Listed entries >>
● ● ● ● ●

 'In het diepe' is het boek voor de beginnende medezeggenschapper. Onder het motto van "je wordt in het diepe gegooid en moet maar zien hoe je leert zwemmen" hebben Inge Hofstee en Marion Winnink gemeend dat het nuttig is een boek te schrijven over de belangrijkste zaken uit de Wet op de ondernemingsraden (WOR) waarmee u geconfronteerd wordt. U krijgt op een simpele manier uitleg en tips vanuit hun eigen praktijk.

● ● ● ● ●

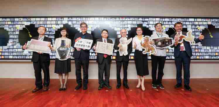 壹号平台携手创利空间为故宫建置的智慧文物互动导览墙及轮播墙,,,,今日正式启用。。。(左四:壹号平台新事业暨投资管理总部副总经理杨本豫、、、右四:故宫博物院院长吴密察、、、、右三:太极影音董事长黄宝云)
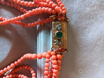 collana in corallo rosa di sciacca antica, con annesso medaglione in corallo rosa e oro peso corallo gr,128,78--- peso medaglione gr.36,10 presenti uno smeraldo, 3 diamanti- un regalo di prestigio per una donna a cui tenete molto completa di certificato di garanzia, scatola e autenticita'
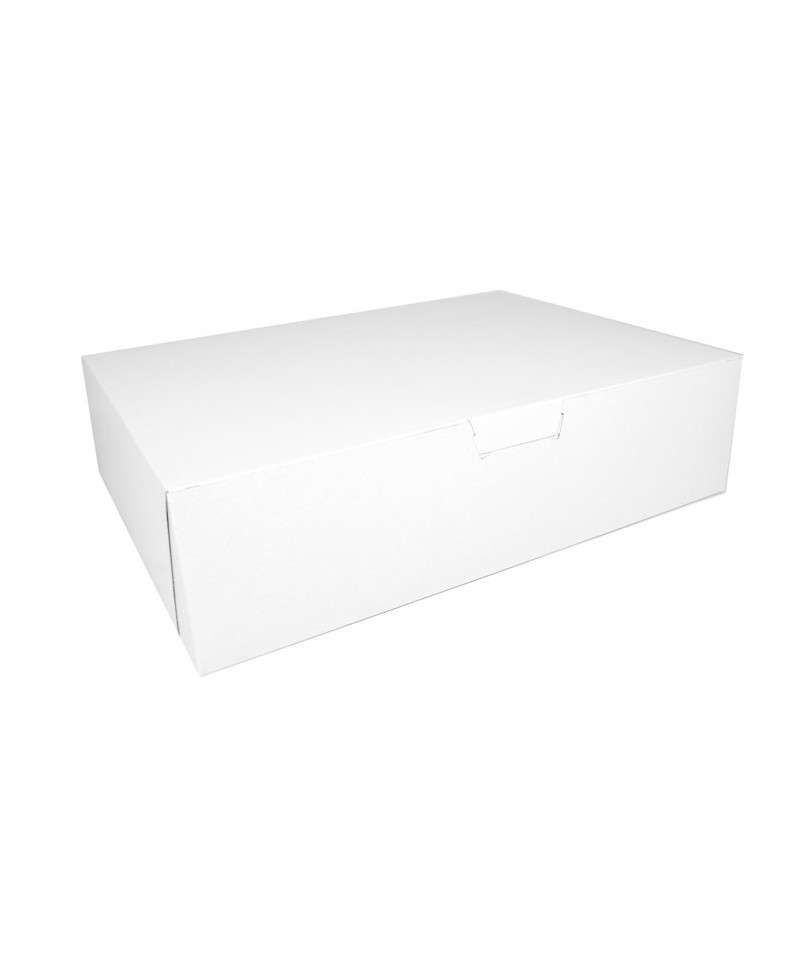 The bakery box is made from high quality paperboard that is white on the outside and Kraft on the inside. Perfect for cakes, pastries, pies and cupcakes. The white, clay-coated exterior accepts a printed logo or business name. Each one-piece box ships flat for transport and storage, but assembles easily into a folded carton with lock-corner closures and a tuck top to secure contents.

● ● ● ● ●

Task to carry out >>
Exactly the lines above, from the one containing "collana in corallo" down to the one containing "The bakery box", are to be repeated, including both ends. Pictures are not part of the copy.

Solution >>
 collana in corallo rosa di sciacca antica, con annesso medaglione in corallo rosa e oro peso corallo gr,128,78--- peso medaglione gr.36,10 presenti uno smeraldo, 3 diamanti- un regalo di prestigio per una donna a cui tenete molto completa di certificato di garanzia, scatola e autenticita'
 The bakery box is made from high quality paperboard that is white on the outside and Kraft on the inside. Perfect for cakes, pastries, pies and cupcakes. The white, clay-coated exterior accepts a printed logo or business name. Each one-piece box ships flat for transport and storage, but assembles easily into a folded carton with lock-corner closures and a tuck top to secure contents.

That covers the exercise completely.